The front of the place was typical of the corner bars fast disappearing across America. A row of booths on the left side, the bar and stools on the right as you walked in off the street, a pool table in front of a jukebox toward the rear of the joint.
Judy sent me down the stairs at the back when the bar was slow. I’d have liked for Dell to come down with me, but he said he had to use the bathroom. I stood on a chair under the place where I thought the ATM would be, lifted up the ceiling tiles, looking for the bolts with a pocket flashlight. The setup was exactly like Judy said it would be. Just three bolts anchoring our cash in place.
A selection of ratchet heads downstairs, unplug the phone line and electric upstairs, a quick boost up into my pickup truck, a three-way split, and, if everything worked out right, we’d each be two grand richer. Not exactly Judy’s elusive big score, but enough to get her started on it.

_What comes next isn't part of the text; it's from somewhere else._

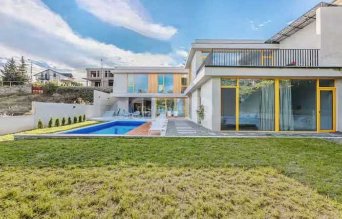 For rent is a vintage-style 3-story villa with 5 bedrooms, 2 kitchens, and 3 bathrooms + 2 additional restrooms. The house is located 700 meters above sea level in Tbilisi, in the village of Shindisi (10 kilometers from Freedom Square). The garden, with its giant trees and birds, offers a view of the city and the beautiful landscapes of the Caucasus. The fireplace creates an inviting atmosphere. In the summer, a 10*4 meter swimming pool operates.On the first floor, there is a large living room with a fireplace, a full bathroom, and a kitchen. The second floor has 5 bedrooms and a bathroom.On the third floor (130 sq.m), there is a hall with panoramic views, which has a kitchen and +2 restrooms. It has a separate entrance. The space is equipped with a projector and a home theater; where training, workshops, and other activities such as yoga, pilates, coaching sessions, and more can be held. The space can also be used as an office. The price is $3600.

Dell and Judy leaned across the bar from each other, talking, their foreheads almost touching when I came back up the stairs. Dell jerked away guiltily when he saw my reflection in the bar mirror behind him. He didn’t have to worry. I’d gotten used to it years ago, hadn’t ever let it bother me. Judy was naturally flirtatious, a quality that had opened up many doors when we’d worked together as a team.

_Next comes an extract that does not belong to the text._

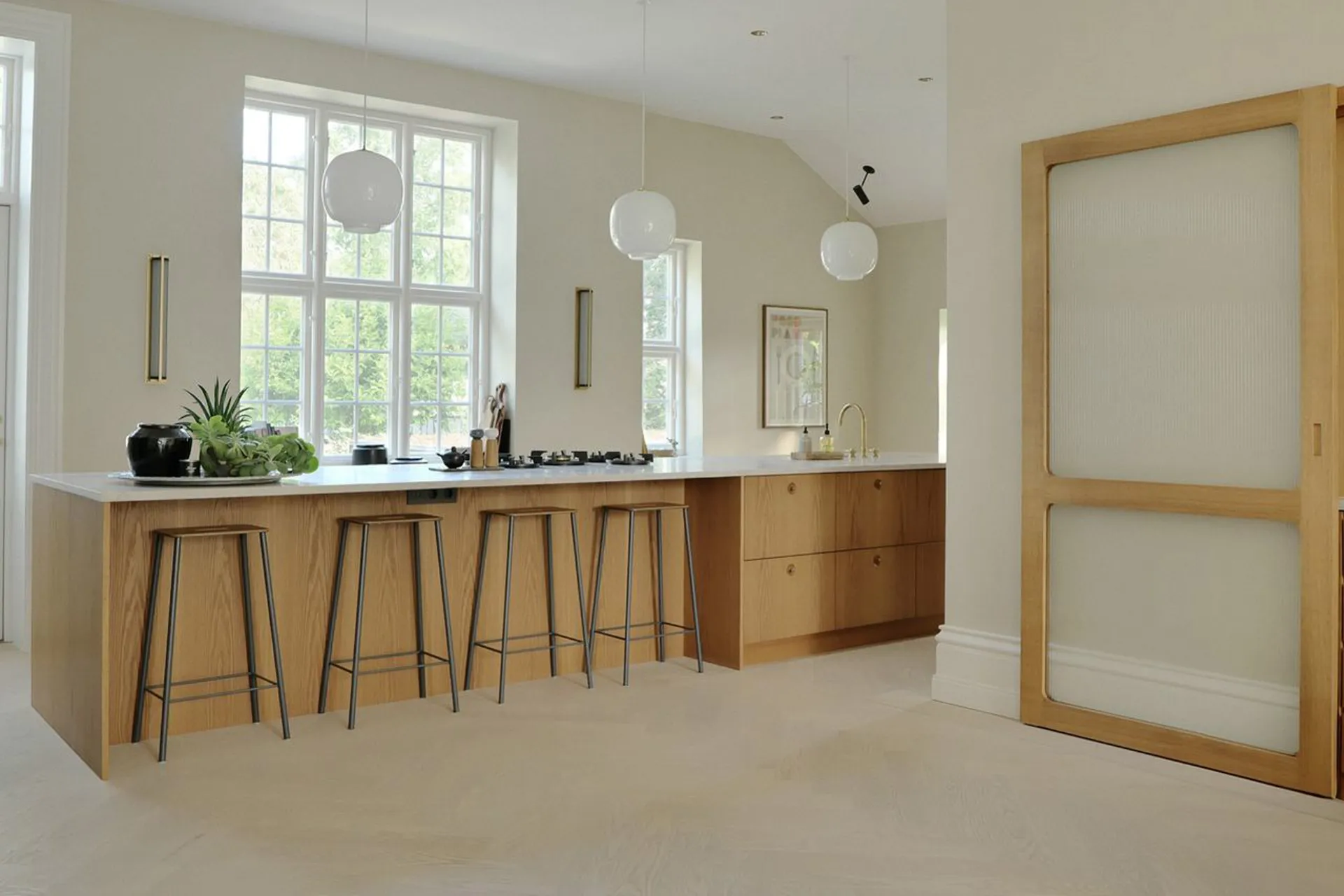 Sublimt i enhver detalje og en lektion i, hvordan man lykkes med at skabe et naturligt flow igennem en stor historisk villa uden at ofre bygningens oprindelige idé. Det ene rum inviterer til det næste, og fra hvert et hjørne og hvert et opholdssted i huset er der skønne lysindfald og kig igennem husets rumligheder.

Still, I was a little pissed. We were supposed to be checking the place out, and here he was goofing off. I didn’t say anything to him as we left. Dell was only twenty-two years old. I tend to make exceptions for youth.

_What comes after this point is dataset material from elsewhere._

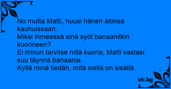 Ei minun tarvitse niitä kuoria, Matti vastasi suu täynnä banaania.

I work at UPS every Christmas season as a temporary driver. I’m actually surprised that I’m pretty good at it. They ask me to stay on permanently every year, but I turn them down without an explanation. It’d be a little awkward telling them I only worked there two or three months a year so I can have something to show Uncle Sam during tax time.
Dell was assigned as my helper three years ago. He was giving community college a shot, and figured he could pick up some extra cash working through the break. He was a blond-haired kid with a lopsided smile the women on the route went crazy for. One of the secretaries who worked at an architectural firm on our route once told me she had fantasies about Dell, dressed in the cutoff summer version of the uniform, bending her over the desk.
Caught him trying to stuff a case of iPods in his uniform one day when I had to go back to check something on the truck.
I’d thought about turning him in. This had been a steady gig for me for years, and I could get in a lot of trouble if stuff disappeared from my truck. We talked it out, and I turned his natural larcenous instincts to our advantage. His way with the ladies opened some doors, but not as many as Judy’s way with the men.
“You used to hit that?” Dell asked, rolling the windshield halfway down before it jumped the tracks holding it in the door well. I’d have to unscrew the side panel and work it back in place before the next time it rained.
“Back in the day.”
“I wasn’t trying anything on her back there. Just being friendly.” The guy had been riding in the passenger seat of my truck for three years now, and he still broke the window every time he touched it.
“Doesn’t really matter to me. We’re mostly business partners.”
He stopped struggling with the window, said, “She still looks pretty good for an older chick. I’d definitely throw her the hammer.”